PROVIDED DATA section start

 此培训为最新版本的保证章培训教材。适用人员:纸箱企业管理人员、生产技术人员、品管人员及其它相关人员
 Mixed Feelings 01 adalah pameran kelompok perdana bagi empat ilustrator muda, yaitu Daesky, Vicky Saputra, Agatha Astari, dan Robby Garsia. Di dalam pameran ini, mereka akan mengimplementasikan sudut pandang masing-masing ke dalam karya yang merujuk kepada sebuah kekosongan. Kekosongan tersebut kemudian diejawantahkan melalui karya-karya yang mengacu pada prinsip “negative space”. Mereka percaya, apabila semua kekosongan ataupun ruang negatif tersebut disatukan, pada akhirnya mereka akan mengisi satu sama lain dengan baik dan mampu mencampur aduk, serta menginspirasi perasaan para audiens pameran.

PROVIDED DATA section end
PROVIDED DATA section start

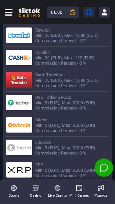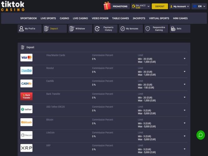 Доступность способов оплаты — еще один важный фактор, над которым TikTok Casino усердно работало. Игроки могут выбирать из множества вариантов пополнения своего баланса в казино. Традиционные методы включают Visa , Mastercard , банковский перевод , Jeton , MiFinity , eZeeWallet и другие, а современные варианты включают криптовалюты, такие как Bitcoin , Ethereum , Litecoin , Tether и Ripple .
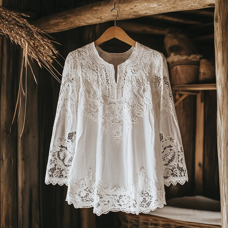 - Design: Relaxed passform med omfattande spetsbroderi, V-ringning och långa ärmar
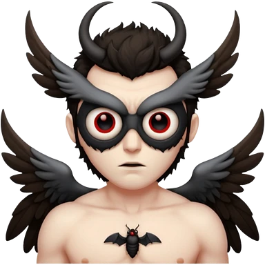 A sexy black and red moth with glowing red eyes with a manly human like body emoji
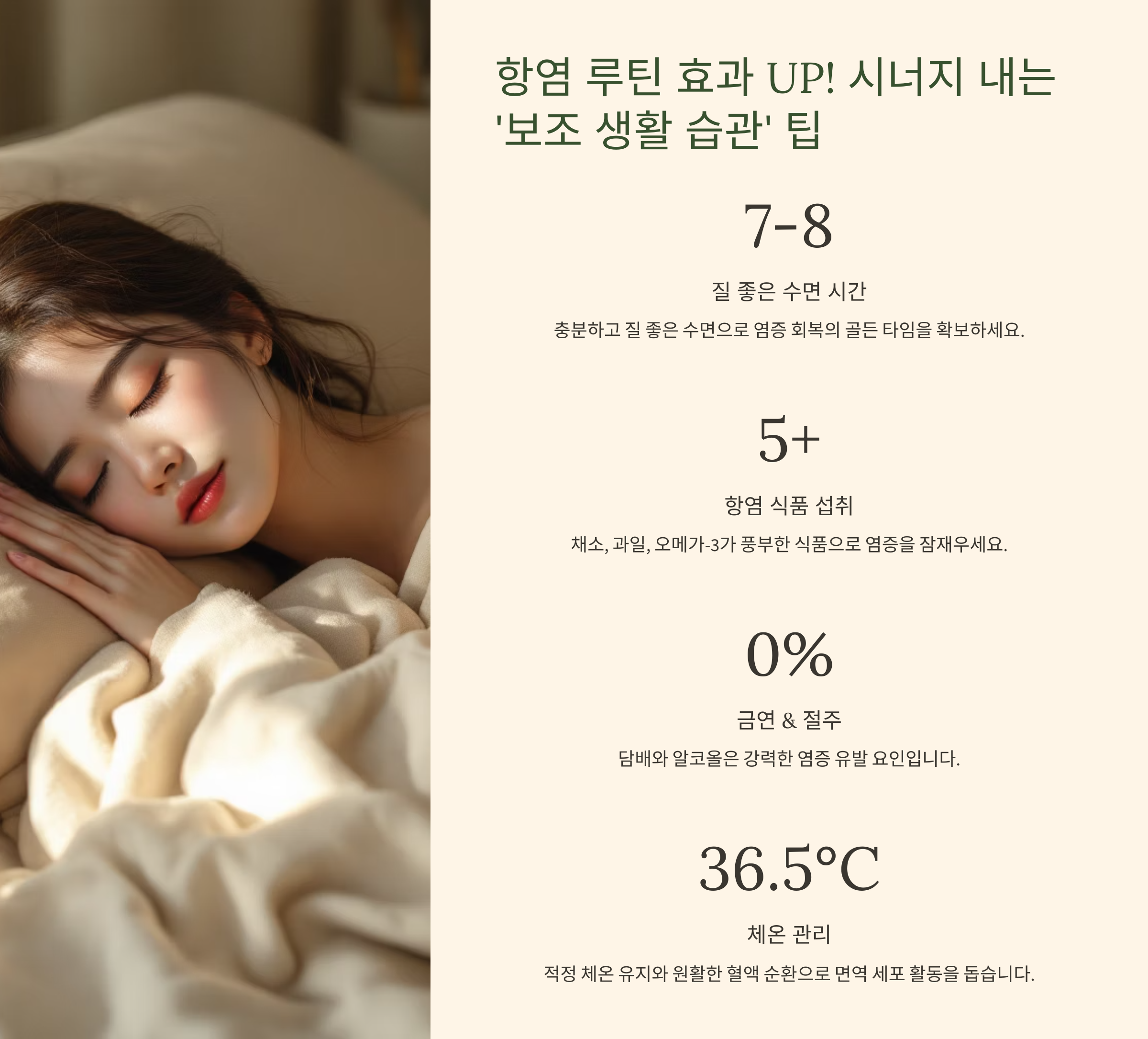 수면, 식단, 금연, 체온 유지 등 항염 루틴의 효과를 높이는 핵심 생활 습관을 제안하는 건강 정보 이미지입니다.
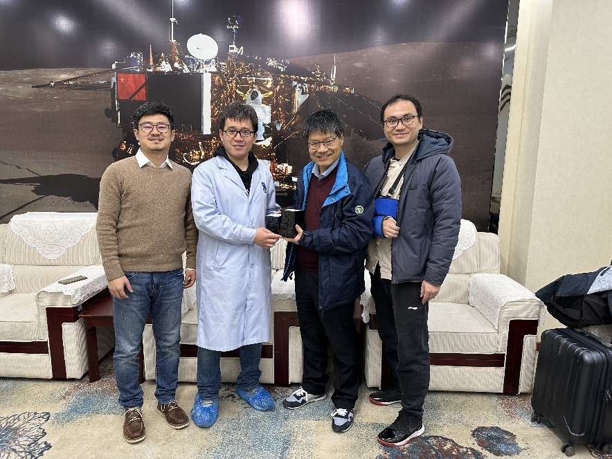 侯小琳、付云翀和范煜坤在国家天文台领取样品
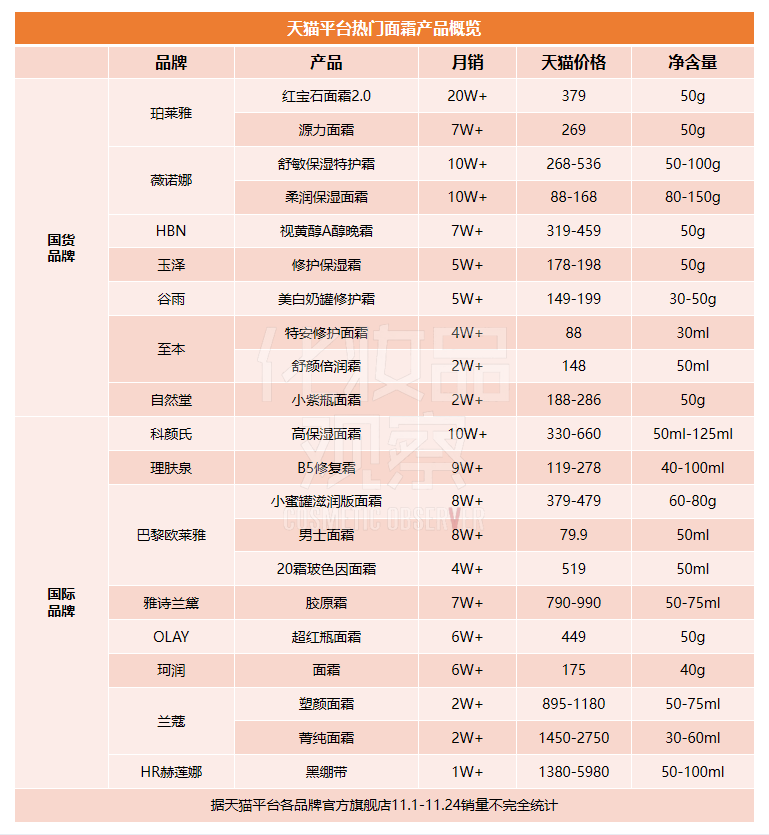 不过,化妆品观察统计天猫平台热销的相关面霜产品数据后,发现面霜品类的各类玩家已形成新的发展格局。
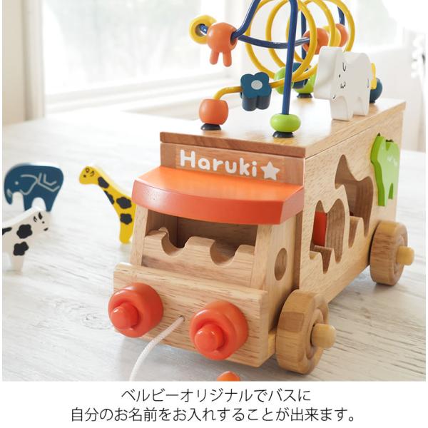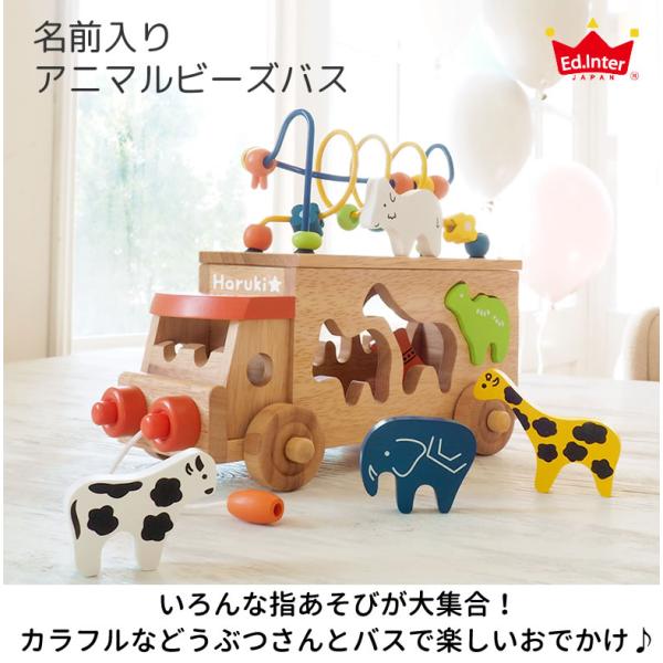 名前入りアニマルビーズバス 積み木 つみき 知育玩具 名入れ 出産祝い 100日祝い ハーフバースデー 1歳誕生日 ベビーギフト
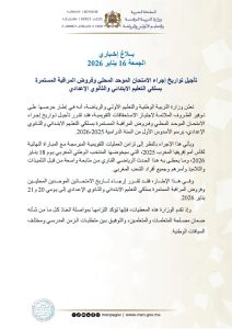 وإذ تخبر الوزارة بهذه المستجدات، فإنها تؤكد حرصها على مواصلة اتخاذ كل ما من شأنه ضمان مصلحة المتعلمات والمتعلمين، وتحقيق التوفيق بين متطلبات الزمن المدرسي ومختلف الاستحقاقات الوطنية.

PROVIDED DATA section end
PROVIDED DATA section start

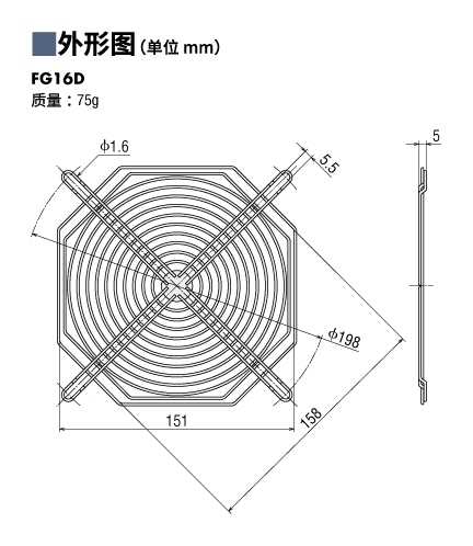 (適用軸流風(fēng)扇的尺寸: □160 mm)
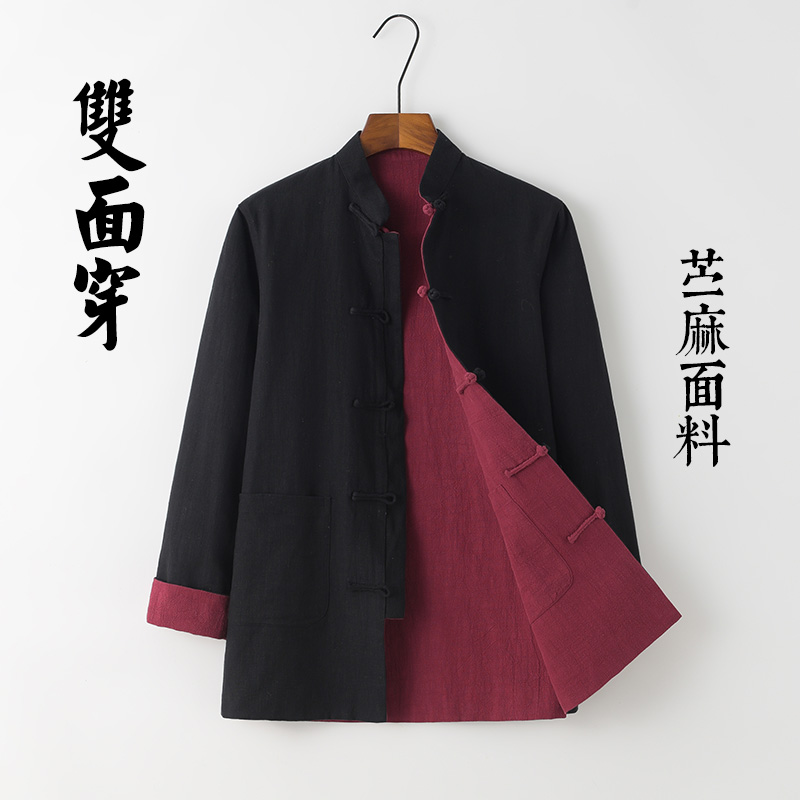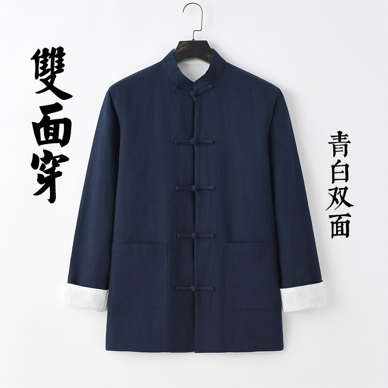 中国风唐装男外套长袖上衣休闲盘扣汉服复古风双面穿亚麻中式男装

PROVIDED DATA section end

**REQUIRED ACTION**
Starting at the line above that contains "Доступность способов оплаты", transcribe every line exactly through the line that contains "وإذ تخبر الوزارة", including that last one, and skip the pictures.

**COMPLETED EXERCISE**
 Доступность способов оплаты — еще один важный фактор, над которым TikTok Casino усердно работало. Игроки могут выбирать из множества вариантов пополнения своего баланса в казино. Традиционные методы включают Visa , Mastercard , банковский перевод , Jeton , MiFinity , eZeeWallet и другие, а современные варианты включают криптовалюты, такие как Bitcoin , Ethereum , Litecoin , Tether и Ripple .
 - Design: Relaxed passform med omfattande spetsbroderi, V-ringning och långa ärmar
 A sexy black and red moth with glowing red eyes with a manly human like body emoji
 수면, 식단, 금연, 체온 유지 등 항염 루틴의 효과를 높이는 핵심 생활 습관을 제안하는 건강 정보 이미지입니다.
 侯小琳、付云翀和范煜坤在国家天文台领取样品
 不过,化妆品观察统计天猫平台热销的相关面霜产品数据后,发现面霜品类的各类玩家已形成新的发展格局。
 名前入りアニマルビーズバス 積み木 つみき 知育玩具 名入れ 出産祝い 100日祝い ハーフバースデー 1歳誕生日 ベビーギフト
 وإذ تخبر الوزارة بهذه المستجدات، فإنها تؤكد حرصها على مواصلة اتخاذ كل ما من شأنه ضمان مصلحة المتعلمات والمتعلمين، وتحقيق التوفيق بين متطلبات الزمن المدرسي ومختلف الاستحقاقات الوطنية.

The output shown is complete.